▸ **DESCRIPTION OF THE TASK**: Reproduce the lines below exactly, from the one containing "25–26 сентября состоится" through the one containing "如图,E、F是?ABCD对角线AC上的两点,且求证:≌;", both included. Leave out any pictures.

▸ **DATA FOR REVIEW**:
------

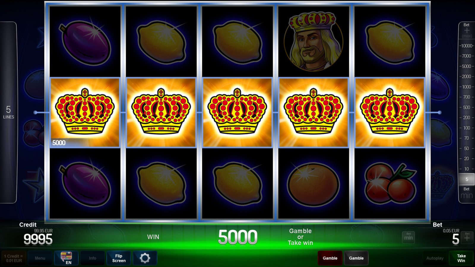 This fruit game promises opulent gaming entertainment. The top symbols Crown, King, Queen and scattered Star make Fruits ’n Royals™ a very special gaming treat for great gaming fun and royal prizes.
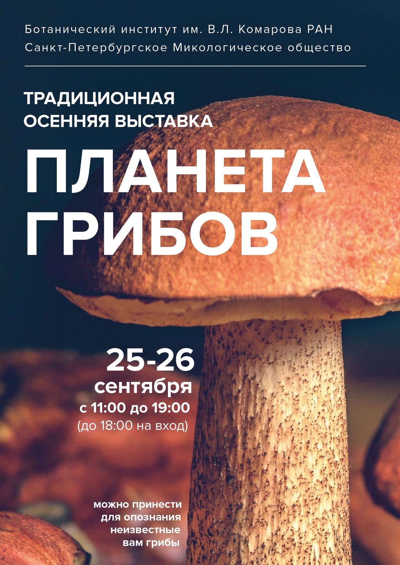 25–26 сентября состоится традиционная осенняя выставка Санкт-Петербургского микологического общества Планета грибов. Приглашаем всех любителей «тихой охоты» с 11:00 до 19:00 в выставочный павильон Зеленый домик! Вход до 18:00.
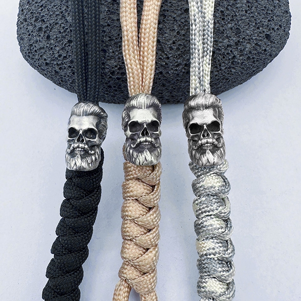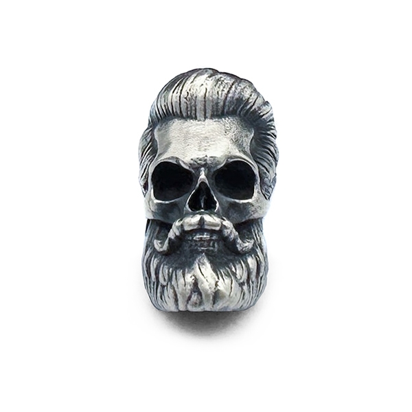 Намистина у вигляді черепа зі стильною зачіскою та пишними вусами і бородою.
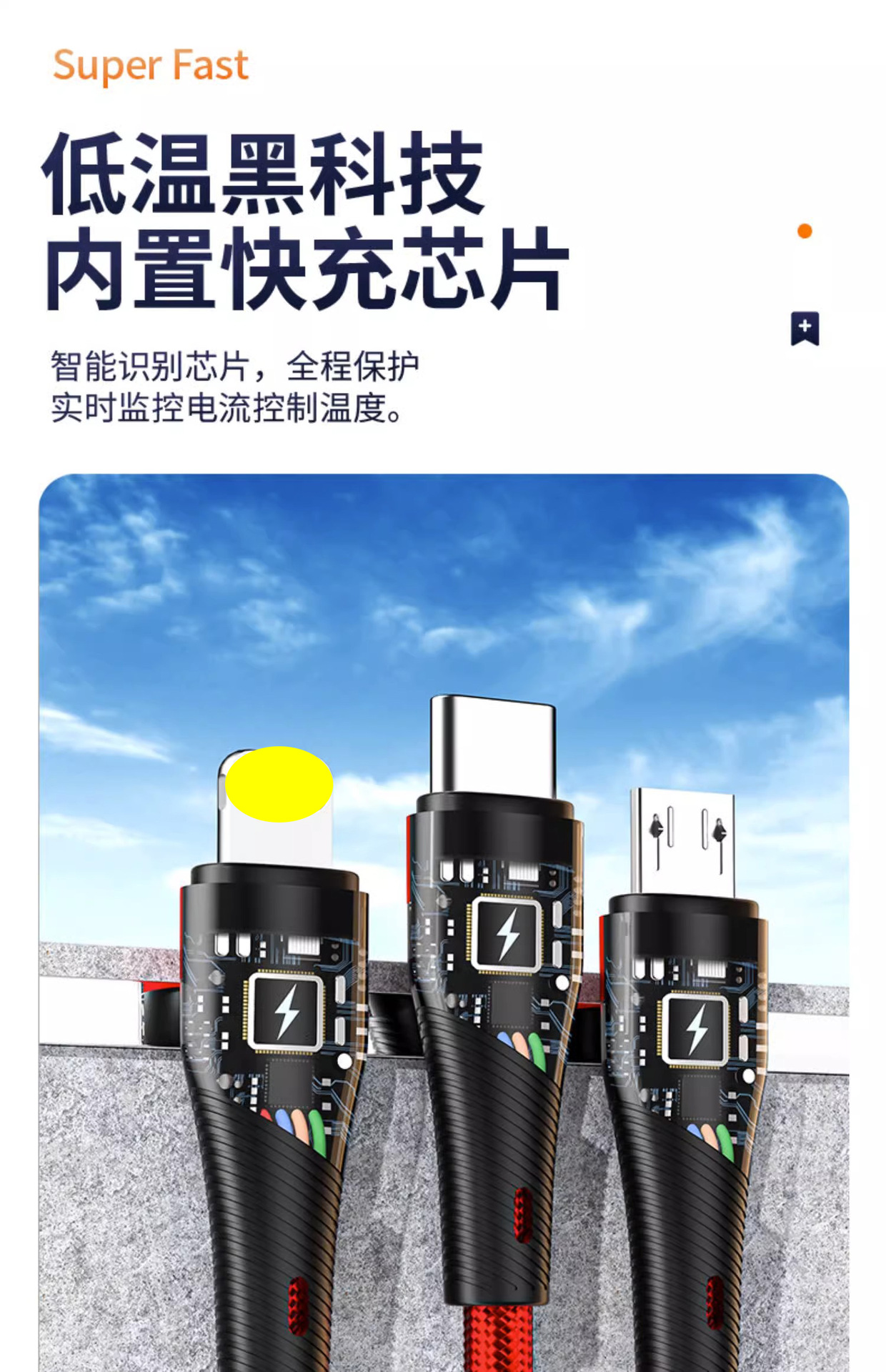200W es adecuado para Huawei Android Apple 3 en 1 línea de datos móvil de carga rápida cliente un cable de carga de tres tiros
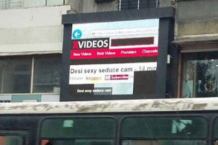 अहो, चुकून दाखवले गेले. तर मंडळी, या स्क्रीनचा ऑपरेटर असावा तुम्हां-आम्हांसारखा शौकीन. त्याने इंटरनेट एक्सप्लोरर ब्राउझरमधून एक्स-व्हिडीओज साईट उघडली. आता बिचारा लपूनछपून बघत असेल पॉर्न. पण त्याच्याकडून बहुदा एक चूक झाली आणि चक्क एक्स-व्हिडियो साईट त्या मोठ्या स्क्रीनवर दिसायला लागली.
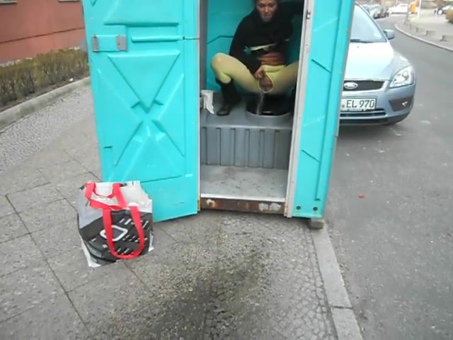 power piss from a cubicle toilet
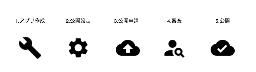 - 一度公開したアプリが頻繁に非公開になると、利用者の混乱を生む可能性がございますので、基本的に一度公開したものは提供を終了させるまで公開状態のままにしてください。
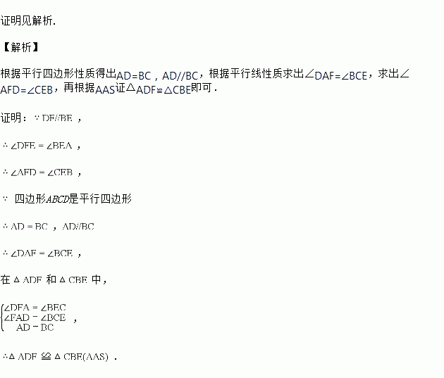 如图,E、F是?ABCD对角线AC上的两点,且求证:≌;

------

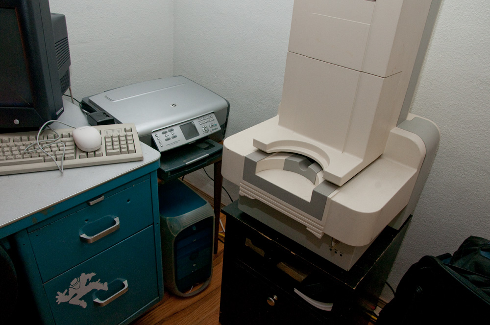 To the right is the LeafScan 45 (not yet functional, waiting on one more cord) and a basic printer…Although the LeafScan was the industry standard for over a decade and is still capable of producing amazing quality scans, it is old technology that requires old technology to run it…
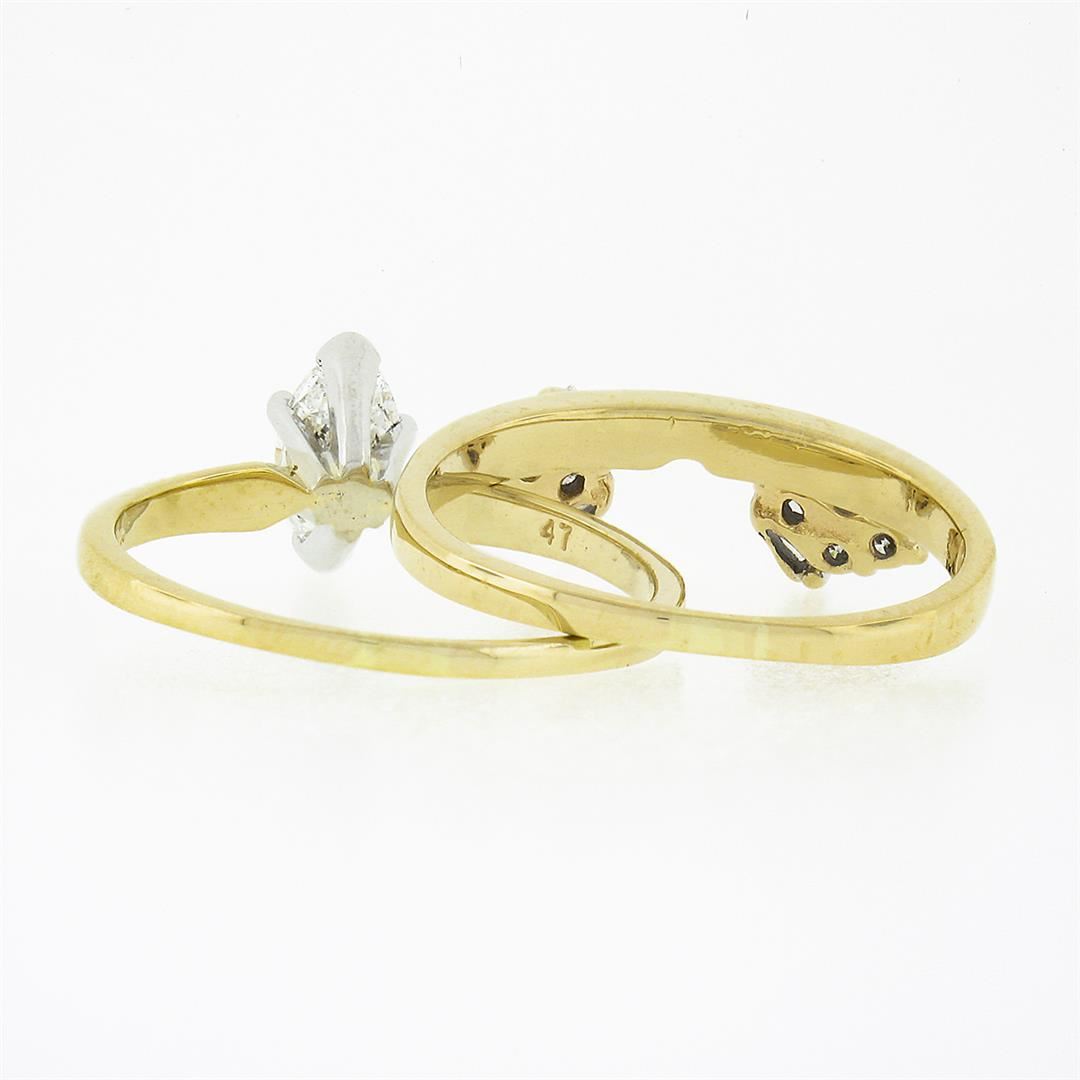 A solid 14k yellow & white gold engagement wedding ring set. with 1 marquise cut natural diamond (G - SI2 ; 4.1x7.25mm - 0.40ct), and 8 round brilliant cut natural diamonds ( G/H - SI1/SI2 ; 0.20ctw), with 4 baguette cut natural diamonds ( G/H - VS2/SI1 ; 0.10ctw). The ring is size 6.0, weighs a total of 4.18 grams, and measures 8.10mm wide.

------

▸ **RESULT**:
 25–26 сентября состоится традиционная осенняя выставка Санкт-Петербургского микологического общества Планета грибов. Приглашаем всех любителей «тихой охоты» с 11:00 до 19:00 в выставочный павильон Зеленый домик! Вход до 18:00.
 Намистина у вигляді черепа зі стильною зачіскою та пишними вусами і бородою.
200W es adecuado para Huawei Android Apple 3 en 1 línea de datos móvil de carga rápida cliente un cable de carga de tres tiros
 अहो, चुकून दाखवले गेले. तर मंडळी, या स्क्रीनचा ऑपरेटर असावा तुम्हां-आम्हांसारखा शौकीन. त्याने इंटरनेट एक्सप्लोरर ब्राउझरमधून एक्स-व्हिडीओज साईट उघडली. आता बिचारा लपूनछपून बघत असेल पॉर्न. पण त्याच्याकडून बहुदा एक चूक झाली आणि चक्क एक्स-व्हिडियो साईट त्या मोठ्या स्क्रीनवर दिसायला लागली.
 power piss from a cubicle toilet
 - 一度公開したアプリが頻繁に非公開になると、利用者の混乱を生む可能性がございますので、基本的に一度公開したものは提供を終了させるまで公開状態のままにしてください。
 如图,E、F是?ABCD对角线AC上的两点,且求证:≌;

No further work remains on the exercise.